• **DESCRIPTION OF THE TASK**: Every entry should be repeated exactly. Omit the pictures.

#####

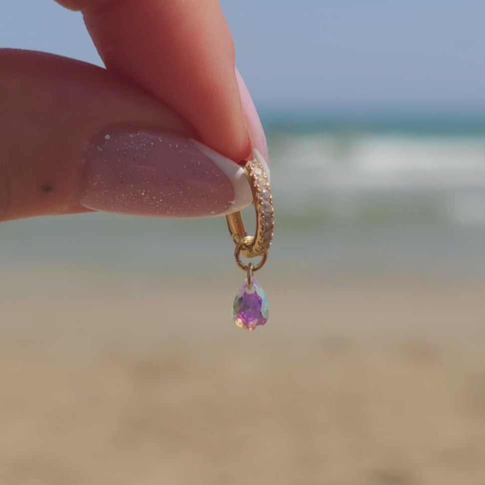 Gleam and glimmer all day and night with our Teardrop Charm with an ethereal mystic finish. A fairytale inspired crystal that dazzles like ribbons of light, an essential for your statement charm collection. Designed to adorn your lobe, helix, rook, vertical helix or tragus.
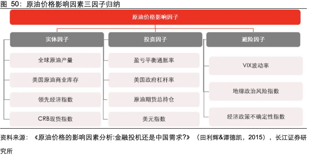 供给波动是影响原油价格的重要因素。从定价机制来看,原油作为重要的能源大宗商品,价格由供需两方共同决定,但供给端受地缘政治影响显著,主要产油国局势动荡易造成供给不稳定,相比之下需求端则更为平稳。我们结合原油的分项需求逻辑,并参考现有文献,筛选出对原油价格影响较大的指标因子,接下来将对部分影响显著的因子展开详细分析。
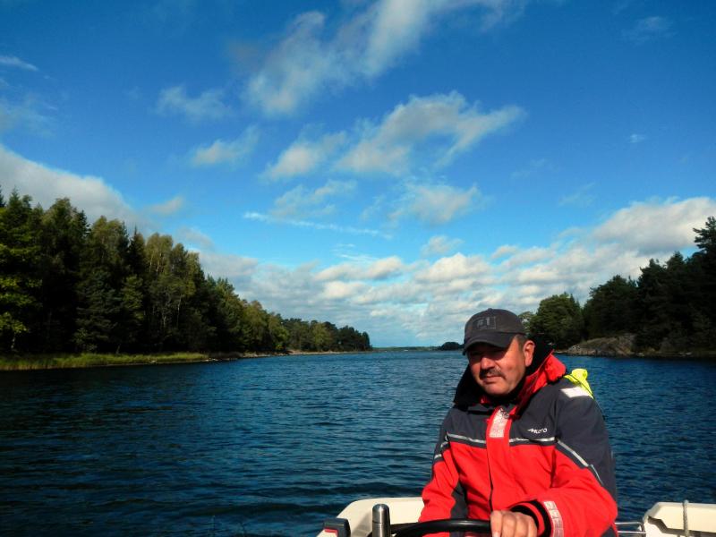 Chwile słońca sprzyjały fotografowaniu . Za kierownicą zmienialiśmy się od czasu do czasu,ale najczęściej powoził Zbyszek.W gąszczu wysepek i zatok,podobnych do siebie jak diabli nawigowanie nie jest proste . Na dalsze łowiska płyneliśmy nawet 40 minut.
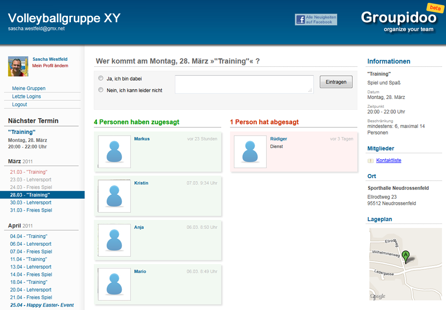 Zusagen sammeln - Dein Team gibt online Bescheid, wer dabei ist
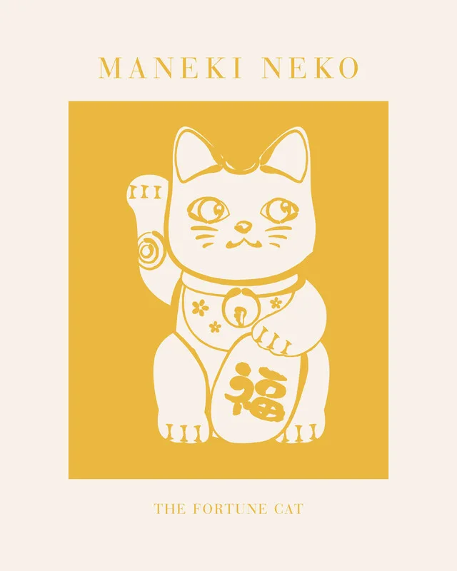 Samolepka Maneki-Neko Yellow Cat
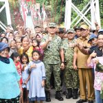 Kehadiran Letkol Inf Edward Samosir di lokasi bukan sekadar urusan teknis. Dengan langkah tegap namun hangat, Dandim menyusuri setiap jengkal jembatan, mengecek kekuatan sling baja hingga memastikan keamanan pijakan bagi warga.
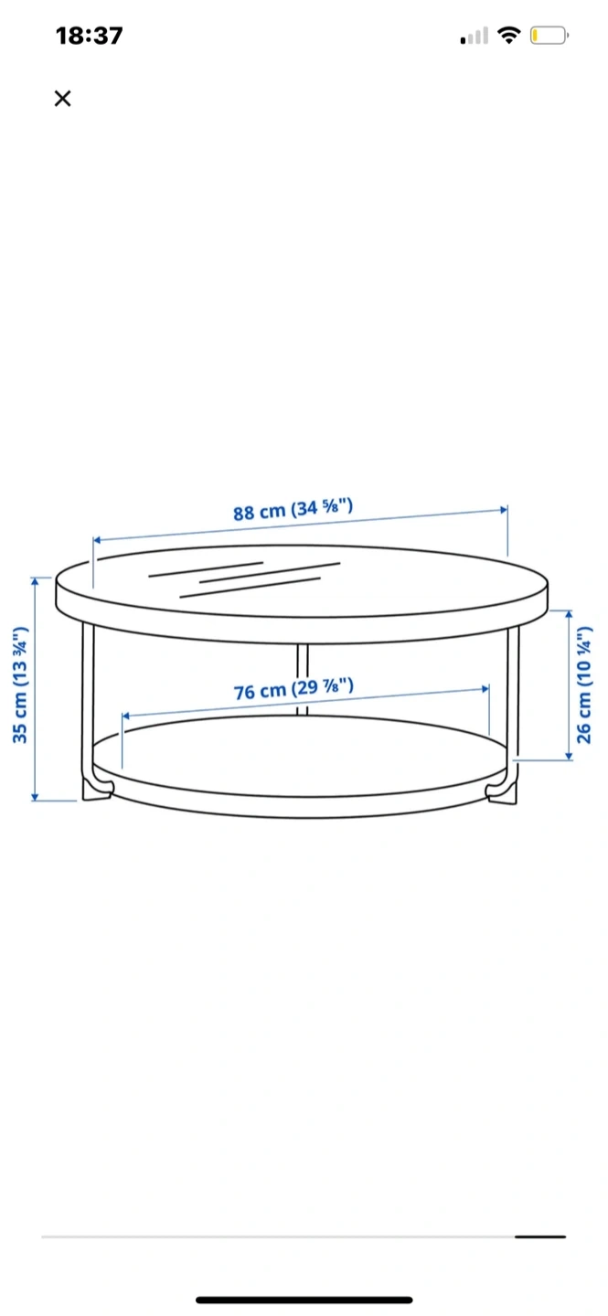It's 34 5/8 inches in diameter. This stylish coffee table originally retailed for $349.99
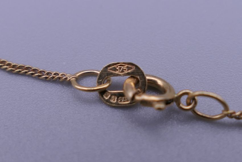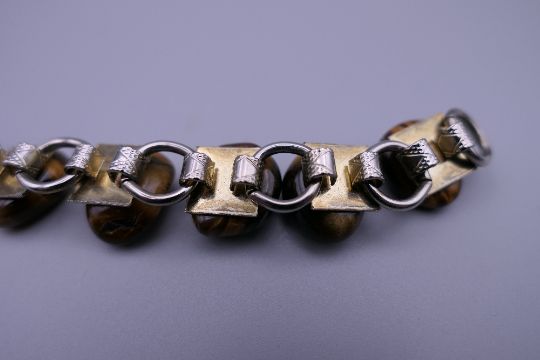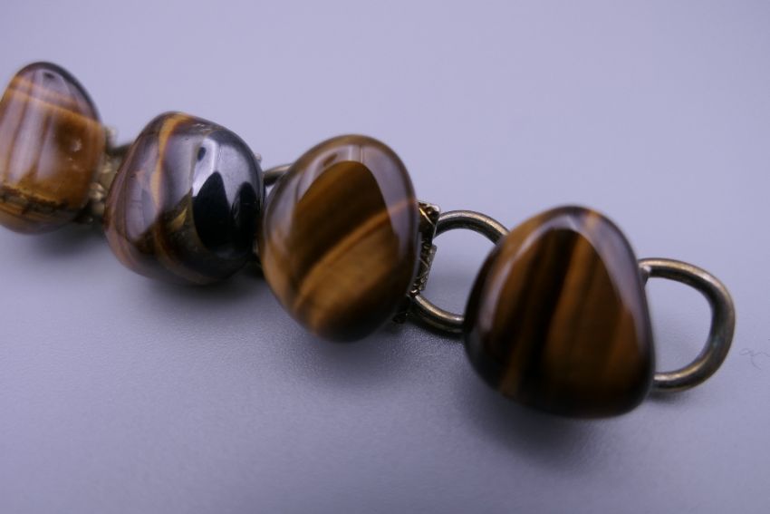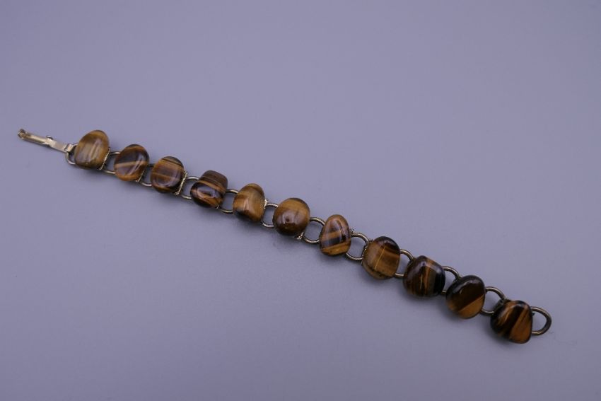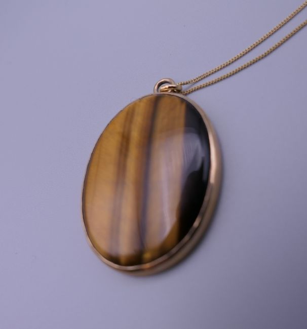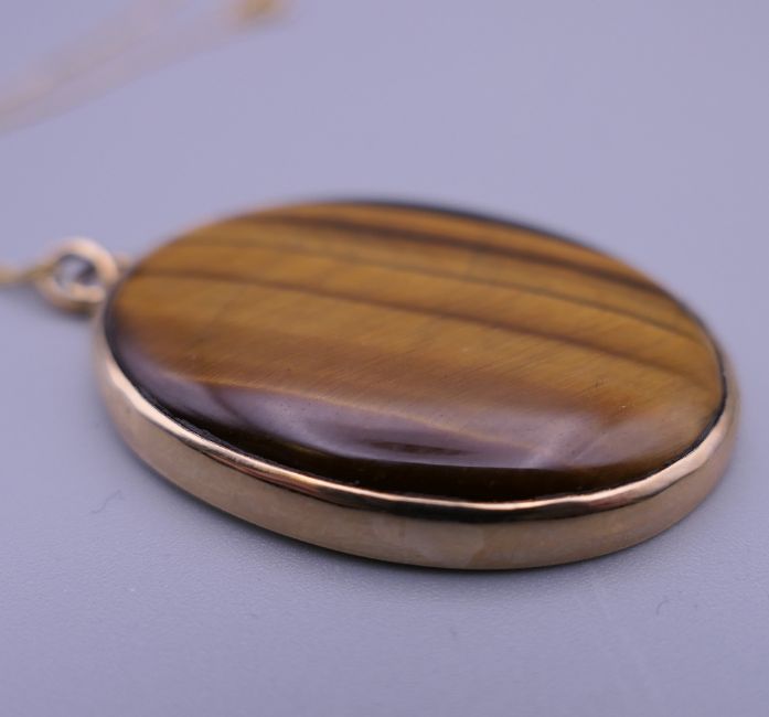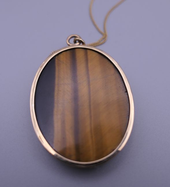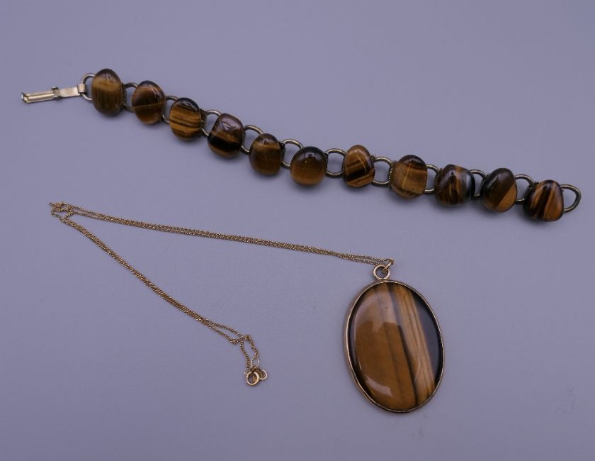 A tigers eye pendant on a 9 ct gold chain and a tigers eye bracelet. The latter 17 cm long.
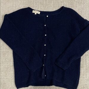 Stay cozy and stylish with this elegant navy blue cardigan sweater. Perfect for layering, this versatile piece adds a touch of sophistication to any outfit.
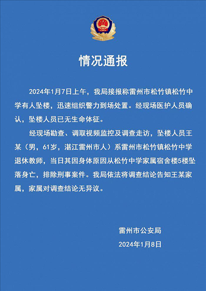·廣東湛江一中學(xué)老師墜樓,警方通報(bào):排除刑事案件。
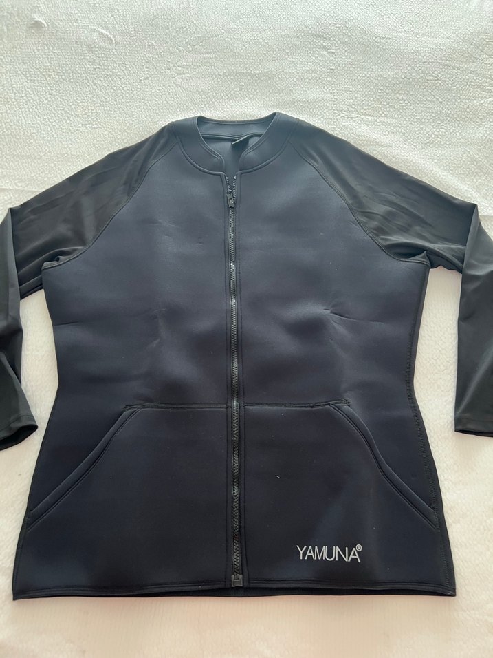 Siyah, fermuarlı ve uzun kollu ceket. Sentetik kumaştan, normal midi boyda, iki cepli ve "YAMUNA" logosu detaylı. Sporda evde özellikle yürüyüşte sauna üst ceket
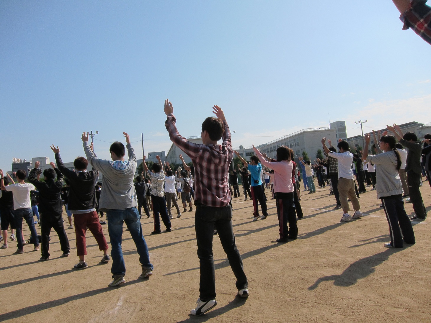 そして、学生全員(900人ぐらい)で一斉に、ラジオ体操第一を行いました
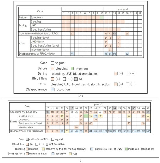(A). Clinical courses of 19 cases with placental removal within 24 h after delivery. The numbers in “Size and blood flow of RPOC” indicate the size of RPOC (mm). The numbers in “After” and “Disappearance of RPOC” indicate the duration from delivery to the onset of the events (days). RPOC, retained products of conception. (B). Clinical courses of 22 cases with conservative management. The numbers in “Size and blood flow of RPOC” indicate the RPOC size (mm). The numbers in “Events” and “Disappearance of RPOC” indicate the duration from delivery to the onset of event (days). RPOC: retained products of conception.
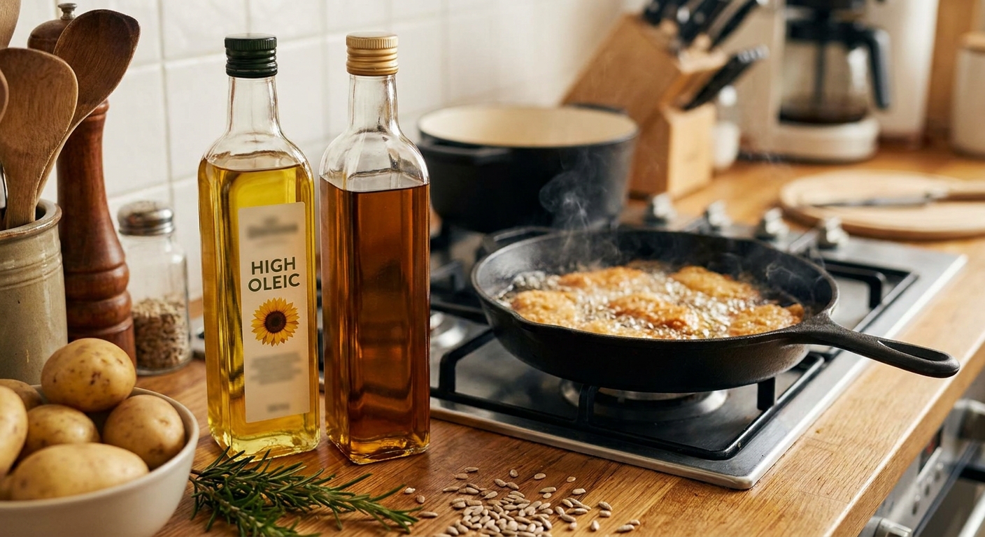 Existuje i jiná varianta, označuje se jako high oleic slunečnicový olej. Má jiné složení, víc mononenasycených tuků a ty jsou při teple stabilnější. Není to jen nějaký marketing, rozdíl je fakt v chemii.

#####

• **WRITTEN RESPONSE**:
 Gleam and glimmer all day and night with our Teardrop Charm with an ethereal mystic finish. A fairytale inspired crystal that dazzles like ribbons of light, an essential for your statement charm collection. Designed to adorn your lobe, helix, rook, vertical helix or tragus.
 供给波动是影响原油价格的重要因素。从定价机制来看,原油作为重要的能源大宗商品,价格由供需两方共同决定,但供给端受地缘政治影响显著,主要产油国局势动荡易造成供给不稳定,相比之下需求端则更为平稳。我们结合原油的分项需求逻辑,并参考现有文献,筛选出对原油价格影响较大的指标因子,接下来将对部分影响显著的因子展开详细分析。
 Chwile słońca sprzyjały fotografowaniu . Za kierownicą zmienialiśmy się od czasu do czasu,ale najczęściej powoził Zbyszek.W gąszczu wysepek i zatok,podobnych do siebie jak diabli nawigowanie nie jest proste . Na dalsze łowiska płyneliśmy nawet 40 minut.
 Zusagen sammeln - Dein Team gibt online Bescheid, wer dabei ist
 Samolepka Maneki-Neko Yellow Cat
 Kehadiran Letkol Inf Edward Samosir di lokasi bukan sekadar urusan teknis. Dengan langkah tegap namun hangat, Dandim menyusuri setiap jengkal jembatan, mengecek kekuatan sling baja hingga memastikan keamanan pijakan bagi warga.
It's 34 5/8 inches in diameter. This stylish coffee table originally retailed for $349.99
 A tigers eye pendant on a 9 ct gold chain and a tigers eye bracelet. The latter 17 cm long.
 Stay cozy and stylish with this elegant navy blue cardigan sweater. Perfect for layering, this versatile piece adds a touch of sophistication to any outfit.
·廣東湛江一中學(xué)老師墜樓,警方通報(bào):排除刑事案件。
 Siyah, fermuarlı ve uzun kollu ceket. Sentetik kumaştan, normal midi boyda, iki cepli ve "YAMUNA" logosu detaylı. Sporda evde özellikle yürüyüşte sauna üst ceket
 そして、学生全員(900人ぐらい)で一斉に、ラジオ体操第一を行いました
(A). Clinical courses of 19 cases with placental removal within 24 h after delivery. The numbers in “Size and blood flow of RPOC” indicate the size of RPOC (mm). The numbers in “After” and “Disappearance of RPOC” indicate the duration from delivery to the onset of the events (days). RPOC, retained products of conception. (B). Clinical courses of 22 cases with conservative management. The numbers in “Size and blood flow of RPOC” indicate the RPOC size (mm). The numbers in “Events” and “Disappearance of RPOC” indicate the duration from delivery to the onset of event (days). RPOC: retained products of conception.
 Existuje i jiná varianta, označuje se jako high oleic slunečnicový olej. Má jiné složení, víc mononenasycených tuků a ty jsou při teple stabilnější. Není to jen nějaký marketing, rozdíl je fakt v chemii.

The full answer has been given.